### TASK INSTRUCTIONS:
Where an entry contains a picture, skip the picture and write out everything else exactly.

### WORKING DATA:
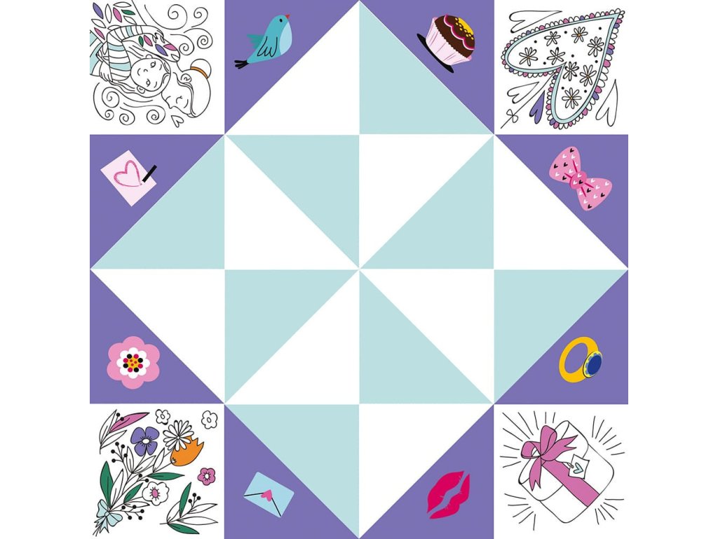 Sada obsahuje: 24 papírových listů, 2 plata (144 kusů) samolepek a návod ke skládání.
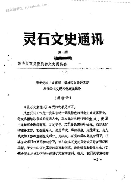 | 网盘路径:/时光图书馆珍藏系列/书籍文件/老图书/《灵石文史通讯_1991年第1-6辑》电子版合集.db | ||
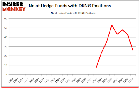 DraftKings Inc. (NASDAQ:DKNG) shareholders have witnessed a decrease in hedge fund sentiment of late. DraftKings Inc. (NASDAQ:DKNG) was in 26 hedge funds’ portfolios at the end of the second quarter of 2021. The all time high for this statistic is 53. Our calculations also showed that DKNG isn’t among the 30 most popular stocks among hedge funds (click for Q2 rankings).
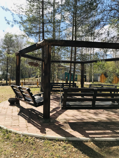 Главная особенность базы отдыха — водоем с рыбой (карась) и мост через водоем. Для малышей оборудована детская площадка. Для проведения мероприятий до 80 человек в летний период предусмотрена крытая веранда. Территория турбазы занимает 1,2 га. Это отличное место для культурного, семейного и корпоративного отдыха в атмосфере домашнего уюта.
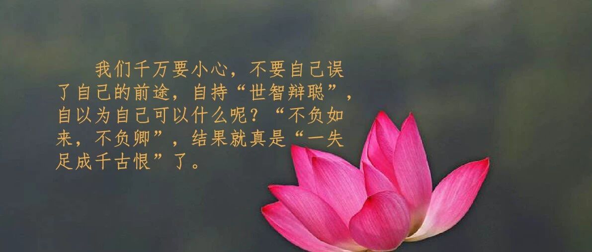 所以我们千万要小心,不要自己误了自己的前途,自持“世智辩聪”,自以为自己可以什么呢?“不负如来,不负卿”,结果就真是“一失足成千古恨”了。这里的“千古”,就不是形容词语了,这里的“千古”就真是万劫千古了。
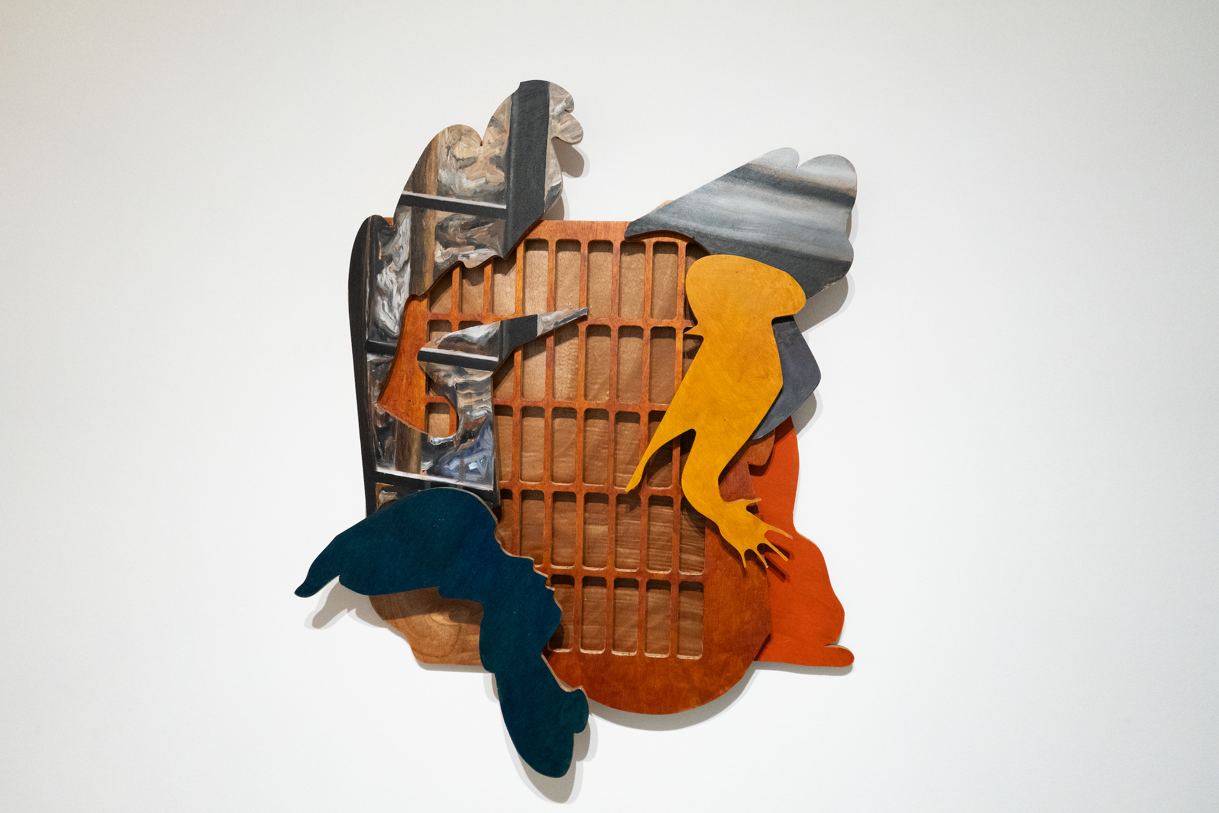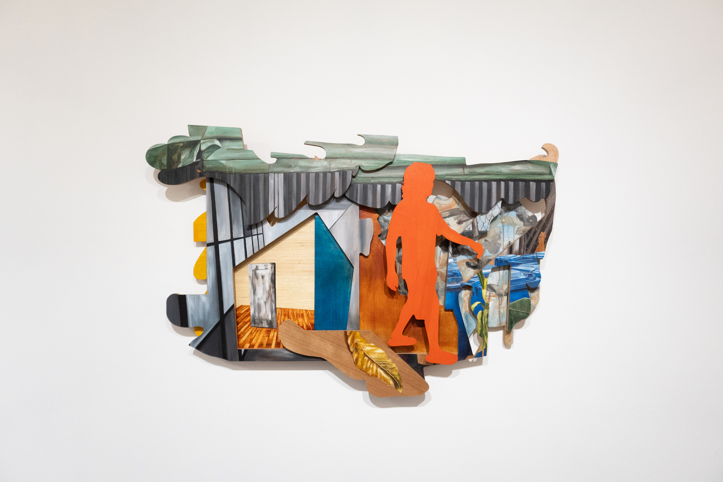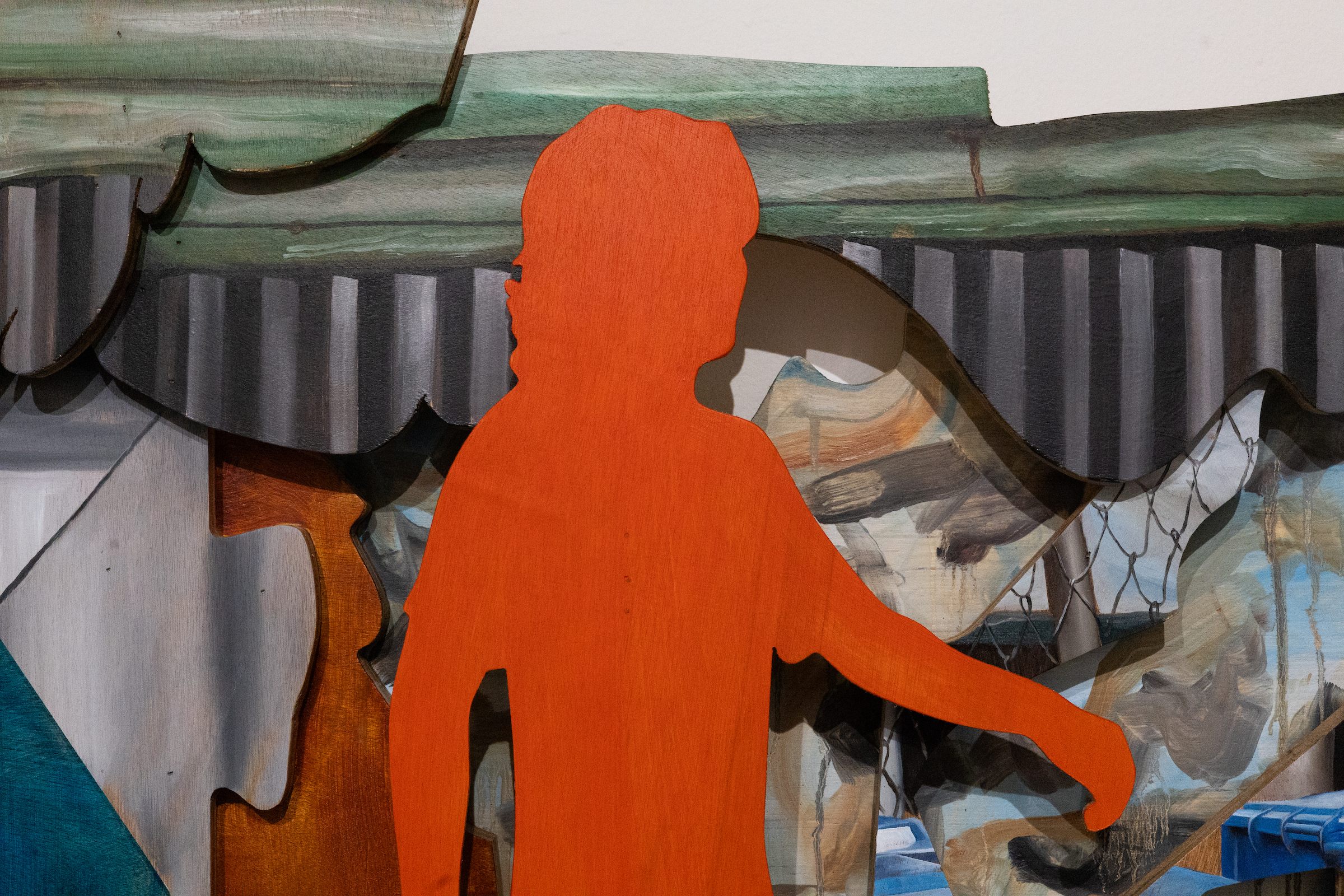 Abac likens his method to ‘tagpi-tagpi’ (patchwork), where he (dis)assembles images drawn from moments during his artist residency in New York last year: planning, administrative processing, fundraising, the residency itself, and the eventual return home. Sourced from photographs taken with his mobile phone, these scenes travel from memory to screen to physical work through the interplay of digital collaging, woodcutting, and oil painting.
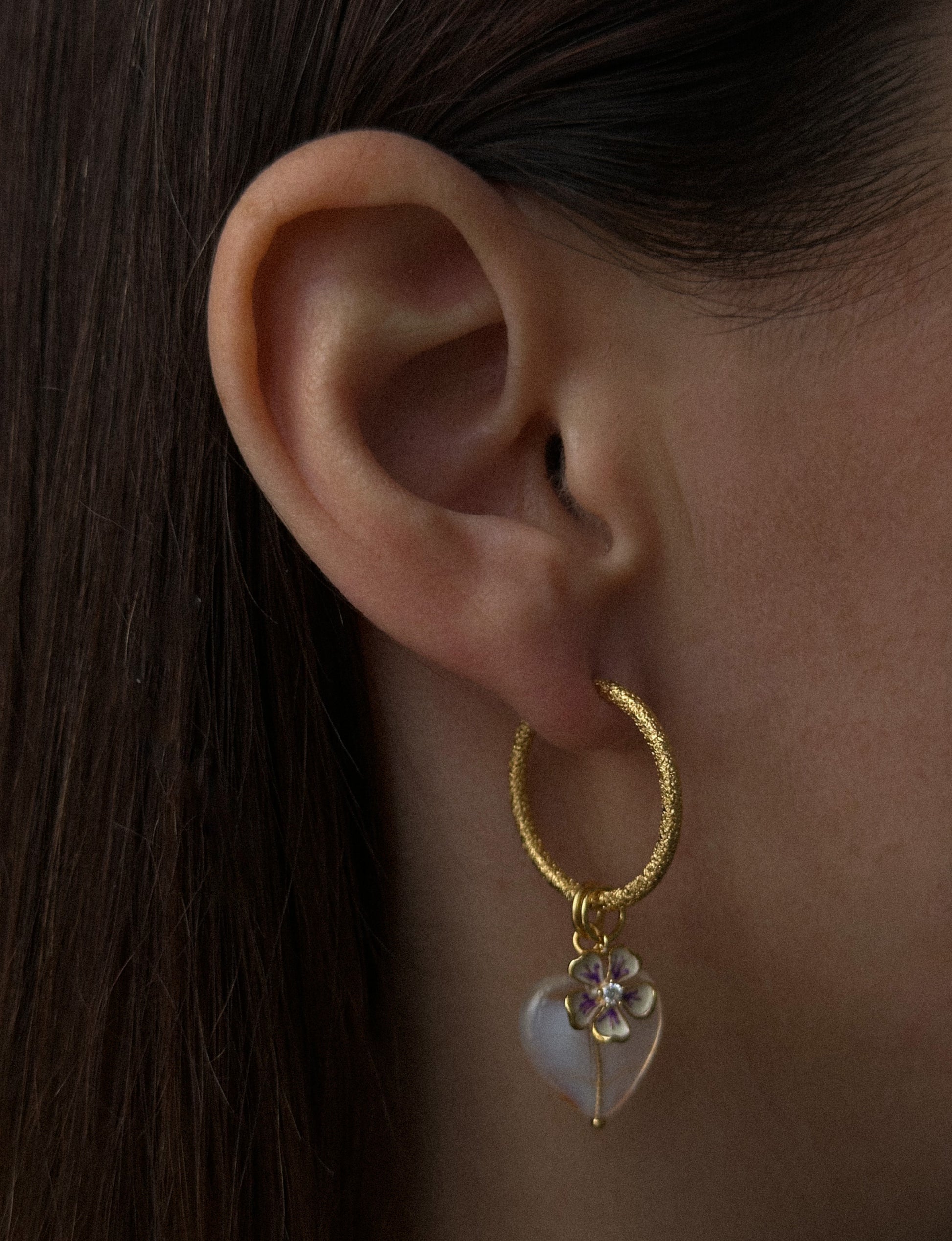 Vi bruger ferskvandsperler, som er skabt og produceret ved hjælp af mennesker. Der indpodes væv eller en plastikkugle i ferskvandsmuslingen for at irritere den. Muslingen forsøger herefter at komme af med irritationen ved at isolere muslingen i et lag af perlemor og herved danne ferskvandsperlen. Denne proces kan tage op til 2-3 år eller længere. Anvendes bl.a. i Aubree Hoops, Aline Earring og Desiree Earring.
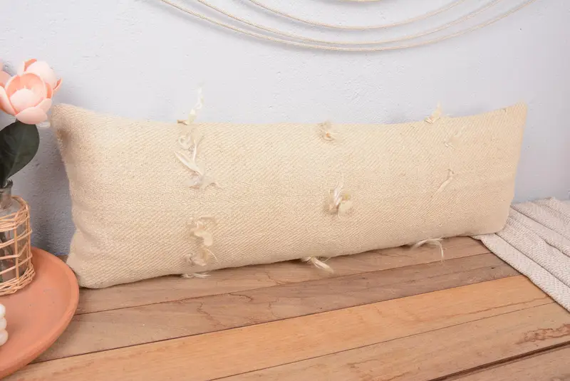 Embroidered Southwestern Beige Throw Pillow, 12x36 Handmade Linen Pillow
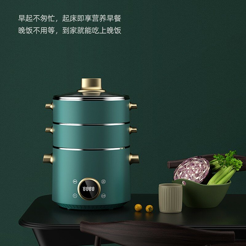 Купить Многофункциональная 3-ярусная электрическая пароварка с автоотключением, цвет Зеленый чай
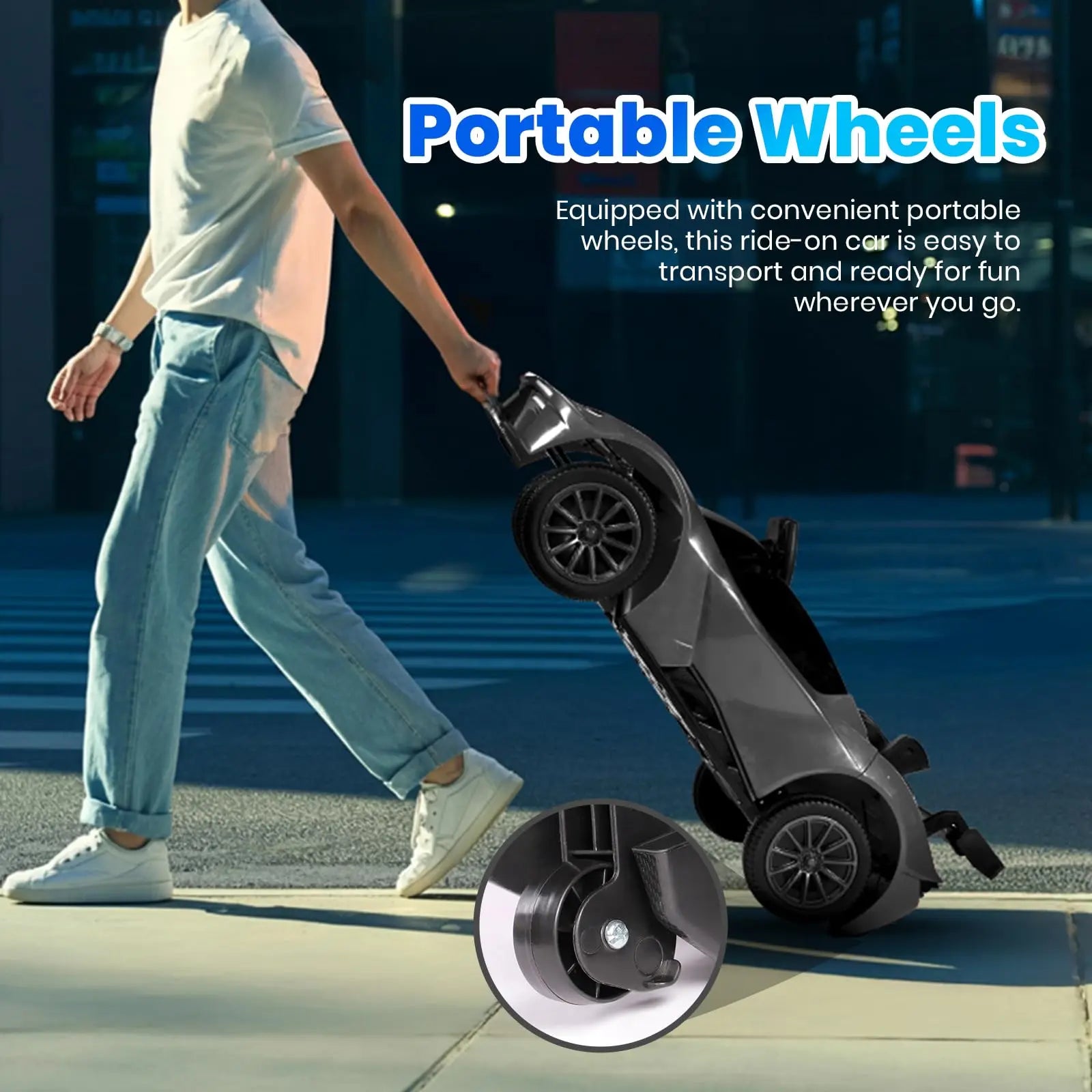 Fun and Convenience: Enhance the ride with the built-in music player that supports Bluetooth connectivity. Designed with convenient portable wheels, this ride-on car is effortlessly movable, making it ready for fun adventures wherever you go.
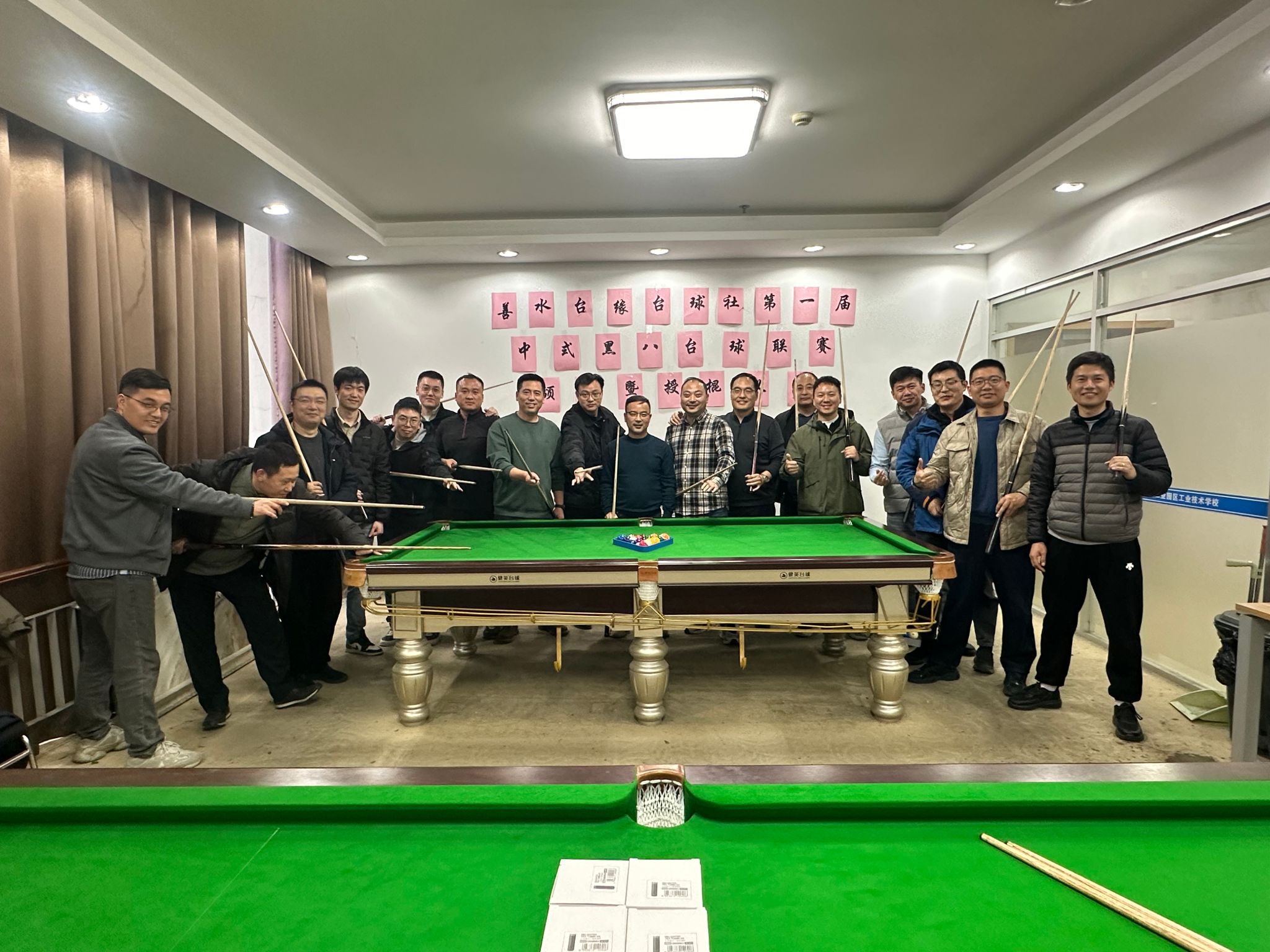 近日,我校首届教职工中式黑八台球比赛在校教工台球室圆满落幕。本次赛事由新成立的“善水台缘”台球社团策划组织,历时一个月,吸引了来自各学院及职能部门的20多名教职工参与,展现了教职工们积极向上的精神风貌与跨部门交流的活力。

### ANSWER SPACE:
 Sada obsahuje: 24 papírových listů, 2 plata (144 kusů) samolepek a návod ke skládání.
 | 网盘路径:/时光图书馆珍藏系列/书籍文件/老图书/《灵石文史通讯_1991年第1-6辑》电子版合集.db | ||
 DraftKings Inc. (NASDAQ:DKNG) shareholders have witnessed a decrease in hedge fund sentiment of late. DraftKings Inc. (NASDAQ:DKNG) was in 26 hedge funds’ portfolios at the end of the second quarter of 2021. The all time high for this statistic is 53. Our calculations also showed that DKNG isn’t among the 30 most popular stocks among hedge funds (click for Q2 rankings).
 Главная особенность базы отдыха — водоем с рыбой (карась) и мост через водоем. Для малышей оборудована детская площадка. Для проведения мероприятий до 80 человек в летний период предусмотрена крытая веранда. Территория турбазы занимает 1,2 га. Это отличное место для культурного, семейного и корпоративного отдыха в атмосфере домашнего уюта.
 所以我们千万要小心,不要自己误了自己的前途,自持“世智辩聪”,自以为自己可以什么呢?“不负如来,不负卿”,结果就真是“一失足成千古恨”了。这里的“千古”,就不是形容词语了,这里的“千古”就真是万劫千古了。
 Abac likens his method to ‘tagpi-tagpi’ (patchwork), where he (dis)assembles images drawn from moments during his artist residency in New York last year: planning, administrative processing, fundraising, the residency itself, and the eventual return home. Sourced from photographs taken with his mobile phone, these scenes travel from memory to screen to physical work through the interplay of digital collaging, woodcutting, and oil painting.
 Vi bruger ferskvandsperler, som er skabt og produceret ved hjælp af mennesker. Der indpodes væv eller en plastikkugle i ferskvandsmuslingen for at irritere den. Muslingen forsøger herefter at komme af med irritationen ved at isolere muslingen i et lag af perlemor og herved danne ferskvandsperlen. Denne proces kan tage op til 2-3 år eller længere. Anvendes bl.a. i Aubree Hoops, Aline Earring og Desiree Earring.
 Embroidered Southwestern Beige Throw Pillow, 12x36 Handmade Linen Pillow
 Купить Многофункциональная 3-ярусная электрическая пароварка с автоотключением, цвет Зеленый чай
 Fun and Convenience: Enhance the ride with the built-in music player that supports Bluetooth connectivity. Designed with convenient portable wheels, this ride-on car is effortlessly movable, making it ready for fun adventures wherever you go.
 近日,我校首届教职工中式黑八台球比赛在校教工台球室圆满落幕。本次赛事由新成立的“善水台缘”台球社团策划组织,历时一个月,吸引了来自各学院及职能部门的20多名教职工参与,展现了教职工们积极向上的精神风貌与跨部门交流的活力。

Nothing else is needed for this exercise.